Теперь рассказать можно.
— Я ведь уже раз умирал, — начал дядя Вася. — Пошел на работу и упал: сердце. Забрала меня «скорая». В машине я умер. Всего шесть минут мертвый-то был, а по Царству Небесному вроде как полдня ходил. Долго. Сначала очутился в темноте, а сверху спускается большущий прозрачный шар. Открылся, я захожу. И полетел в шаре, а как вышел, вижу: дедушка в пиджаке стоит. Обыкновенный такой пиджачишко, не новый уж. А старичок благообразный, с бородкой.
— Ты, дедушка, кто?
Он мне:
— Апостол Петр.
— Да ну! Разве такой апостол Петр? Чего ж ты тогда в пиджаке?

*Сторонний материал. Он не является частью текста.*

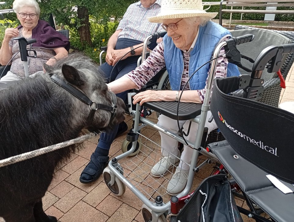 Bei strahlendem Wetter durften die Ponys nach Herzenslust gestreichelt und gefüttert werden. Viele der Seniorinnen und Senioren ließen es sich nicht nehmen, Möhrenstücke und Apfelschnitzel zu reichen – ein Vergnügen nicht nur für die Tiere, sondern auch für die Bewohnenden des Hauses. Die Nähe zu den Tieren rief bei einigen Erinnerungen an frühere Zeiten wach. Schnell entwickelten sich lebhafte Gespräche und berührende Erzählungen über Kindheitserlebnisse, frühere Haustiere oder das Leben auf dem Land.
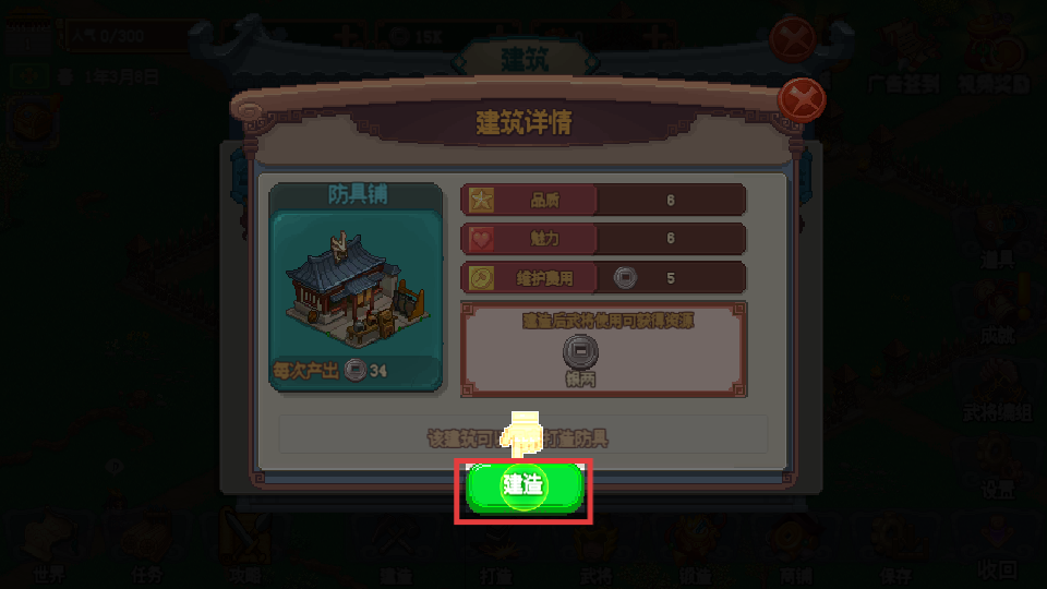 2、依据任务提示,点击【建造】按钮进入建筑页面,为将士建造【防具铺】,保障装备供应。

— Все меняется, — говорит. — Вот и я одет по-другому. Не по моде, конечно, а чтоб вам, кто с земли-то приходит, привычней было.
— Куда, — спрашиваю, — мне: в рай или преисподнюю?
— Тебе за то, что ты людям помогаешь, отпуск положен. Возвращайся назад, придешь в свое время.
Я, конечно, обрадовался. Но попросил апостола Петра, чтобы он показал мне, что здесь да как, если можно, конечно. Он согласился.
— Пойдем, — говорит, — я тебе ад покажу. Только в самое пекло тебе не положено, покажу самую слабую муку, которую люди за грехи принимают.
Вошли мы в одну комнату. Стоны в ней. А на стенах люди на железных крюках за язык подвешены. Это, дедушка объяснил, за сквернословие.
Гляжу, один мужик наш, с поселка. В прошлом году помер. Меня увидел — обрадовался. Скажи, говорит, моей жене: пусть за меня молится почаще. Мне за это здесь послабление будет.
Потом пошли рай глядеть. Апостол разрешил только заглянуть в двери большие. Вижу: стоят столы длинные, а вокруг розы цветут. Или не розы, а какие-то другие цветы и деревья. Красота — глаз не отвесть. А запах от цветов-то! И передать нельзя какой! У нас тут таких нет. Потом райские пришли, за столы сели — видно, обедать.
— Ну, тебе пора, — поторопил апостол Петр.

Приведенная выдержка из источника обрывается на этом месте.